Bizim Büyük Vasatlığımız – 4

“Oğlum Behçet, sen bir medeniyetin iflası nedir, bilir misin?”

Ahmet Hamdi Tanpınar, Mahur Beste, sf. 118

Emeksiz kazanmanın yollarını arayarak başladığımız “Bizim Büyük Vasatlığımız” başlıklı yazı dizisine az gelişmiş değnekçiliğimizle devam edip müthiş inovatif fikrimiz olan köpek yalağı üretimi fikriyle emeği keşfetmiş ve evlerimizin önündeki kirli garajlardan bir vasatlık kültürünün doğuş ve yeniden üretiminin panoramasını çizmiştik. Bu süreçte katma değeri bulmuş, al satçılıktan ümidi kesip kapital nedir öğrenmiş ve en nihayetinde çektiğimiz vizyonsuzluk ızdırabının derinleşmiş ilgilerden yoksunluk semptomu olduğunu çıkarsamıştık.

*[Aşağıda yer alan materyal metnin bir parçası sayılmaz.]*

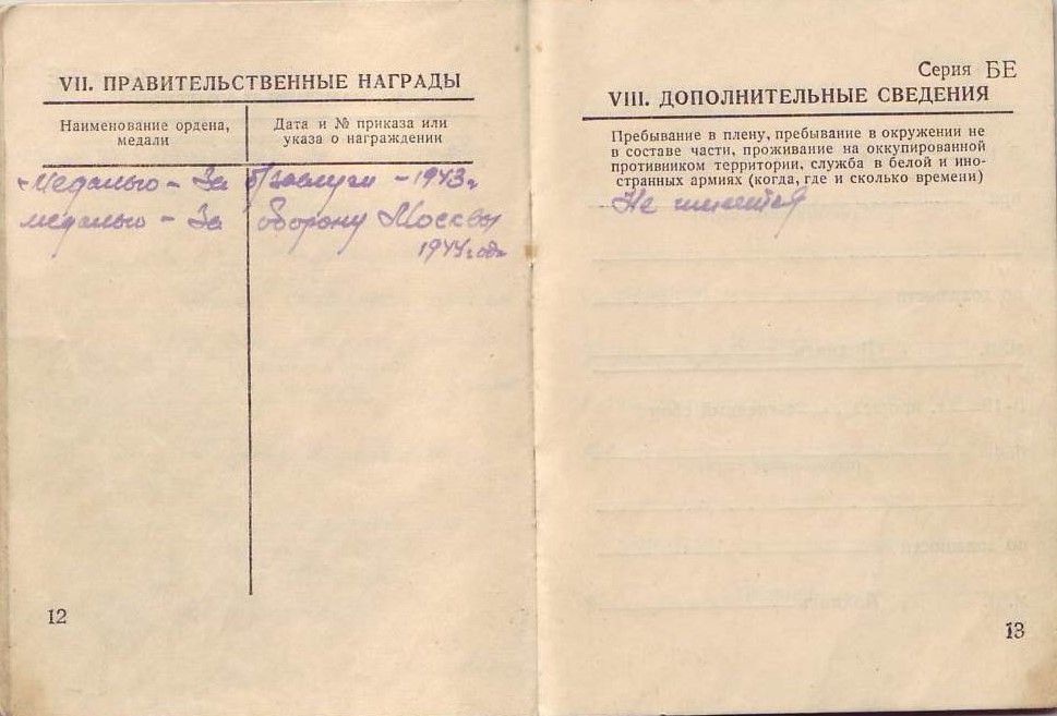 Награжден медалями «За боевые заслуги», «За оборону Москвы».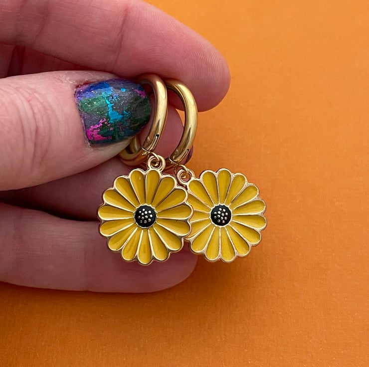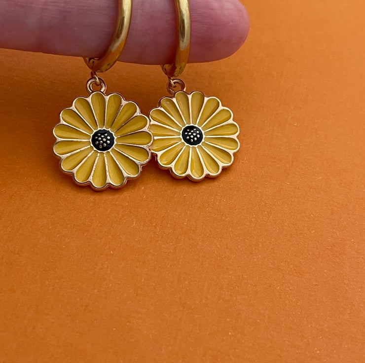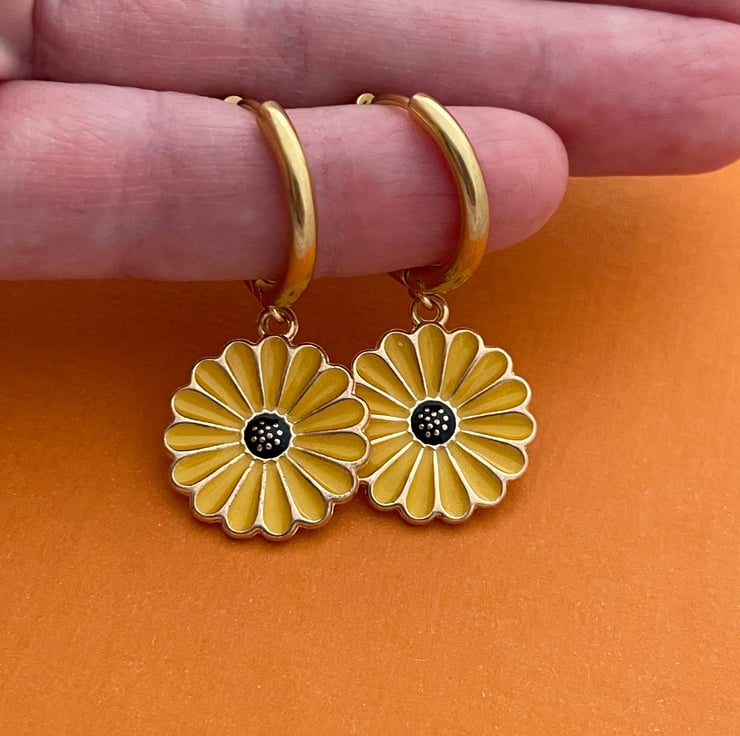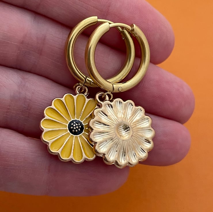Earrings consist of gold plate with yellow enamel sunflower charms and stainless steel gold plated hoop earrings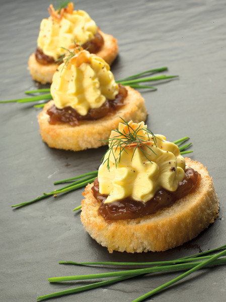 Prendere il Pane Bruschetta...Mia, imburrarlo e con un coppa pasta, tagliare dei crostini circolari. Tostarli in forno per alcuni minuti. Preparare la Crema al Parmigiano aggiungendo al formaggio morbido la Grancrema di Parmigiano Reggiano. Quando i crostini si saranno raffreddati, aggiungere la Cipolla caramellata e la Crema di Parmigiano con l'aiuto di una sac-à-poche. Ultimare con delle mandorle tostate e un ciuffo di aneto.
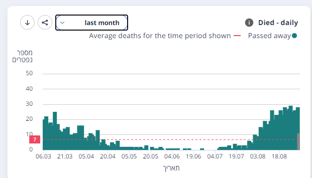 Απ ότι βλέπω το Ισραήλ στις 31 Αυγούστου είχε 4800 κρούσματα και 0 θανάτους. Την προηγούμενη ημέρα είχε 39 θανάτους και στις 28 Αυγούστου 3.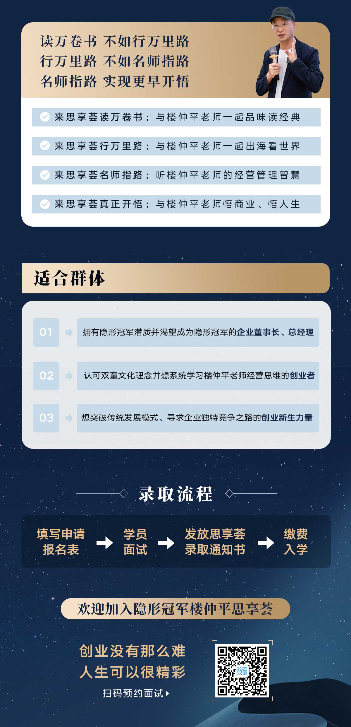 如果你是創(chuàng)業(yè)者、學習者、思想者,希望在經(jīng)營領域有自己的思考和洞察,那么《隱形冠軍樓仲平思享薈》就是為你量身定制,今年最后一期招生,一班只招40位同學,名額所剩不多,抓緊機會哦!
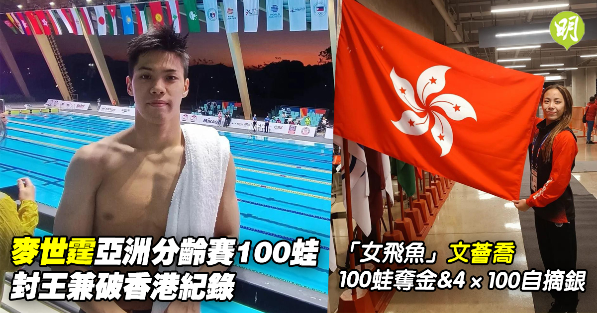 游泳|麥世霆亞洲分齡賽100蛙封王兼破香港紀錄 「女飛魚」文薈喬摘金銀 (15:26)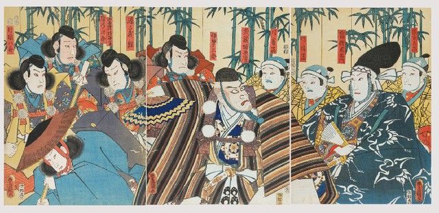 Scena z teatru kabuki-tryptyk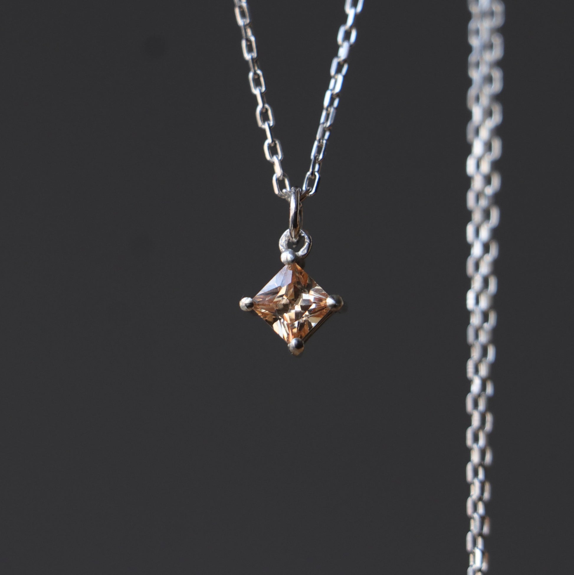 Minimal Princess Citrine 925 Silver Necklace

Devam edegelen satırlardaysa bu yoksunluk semptomunun müsebbibi olarak aciliyet ve kolaycılık bağımlılığı olduğunu savunmuş, uzun ve kısa vade arasında yitip giden ömrümüze hayıflanmış; “sermayemiz kıt olmasaydı da okullarda tek eğlencemiz parke taşlar üzerinde sek sek oynamak olmayaydı bu illete düçar olur muyduk acaba?” diye sormadan da edememiştik.

İşte şimdi tam da bu noktadan, sermayenin kıtlığından yola çıkarak kilosu birkaç on bin dolar eden ürünleri neden üretemediğimiz, üretmek bir yana neden üretmeyi aklımızdan bile geçiremediğimiz sorusu üzerine düşüneceğiz.

Yazı dizisinin başından beri pek çok alanda vasat olduğumuzu vurgulamaya çalışıyorum. Bunu daha teknik ifade edecek olursak beşeri sermayemizin zayıf, eksik ve kusurlu olduğunu söylüyorum. Evet, bence esas nokta bu. Beşeri sermaye. Peki nedir beşeri sermaye?

Beşeri sermayenin tanımından başlayıp, beşeri sermayeyi oluşturan alt başlıkları Türkiye ve Dünya üzerinde teker teker inceleyip, Dünya’daki konumumuzu anlamaya çalışacağım.

Abone olarak yeni yazılardan haberdar olabilirsiniz 🙂

Beşerî sermaye, işgücünün sahip olduğu bilgi ve becerilerin toplamını ifade ediyormuş. Çeşitli araştırmalarsa eğitimli ve sağlıklı bireylerden oluşan toplumların hem sosyo-kültürel gelişimi hem de ekonomik büyümeyi hızlandırdığını; aynı zamanda mevcut kaynakların daha verimli kullanılmasına olanak sağladığını ortaya koymuş1.

Başka bir çalışmada ise beşerî sermaye ile ekonomik kalkınma arasında pozitif bir korelasyon saptanmış. Dahası, yazarın ifadesine göre; ihracat ile beşerî sermaye, beşerî sermaye ile sabit sermaye birikimi, ve sabit sermaye ile ekonomik büyüme arasında çift yönlü nedensellik ilişkisi bulunmayken; buna ek olarak, kısa vadede sabit sermaye birikiminden ihracata, ihracattan ekonomik büyümeye ve ekonomik büyümeden beşerî sermayeye doğru tek yönlü nedensellik ilişkileri gözlenmiş. Ayrıca beşeri sermayenin toplam faktör verimliliğini uyararak ekonomik büyümeye olumlu etkisi olduğu da gene aynı makalede gösterilmiş2.

Wikipedia’ya göre beşeri sermayenin temelde 6 tane ögesi varmış:

  1. Zeka
  2. Sağlık
  3. Öğrenim kalitesi
  4. Yabancı dil
  5. Sosyoekonomik çevre
  6. Duygusal zeka, yaratıcılık

Bunca girizgahtan sonra bahsi geçen ögeleri vasatlık ve beşeri sermaye bağlamında incelemeye başlayabiliriz.

Zeka

Zekadan başlayalım.

Araştırmalar 200 ülke arasında en yüksek IQ ortalamasının 106,48 ile Japonya’nın, en düşük IQ ortalamasınınsa 42.99 ile Nepal’in olduğu ortaya çıkarmış. Araştırmadan elde edilen verilere göre Dünya ortalaması 82,03 olarak hesaplanırken Türkiye’ninse 86,8 puanla vasatın %5 üzerinde olduğu görülmüş3.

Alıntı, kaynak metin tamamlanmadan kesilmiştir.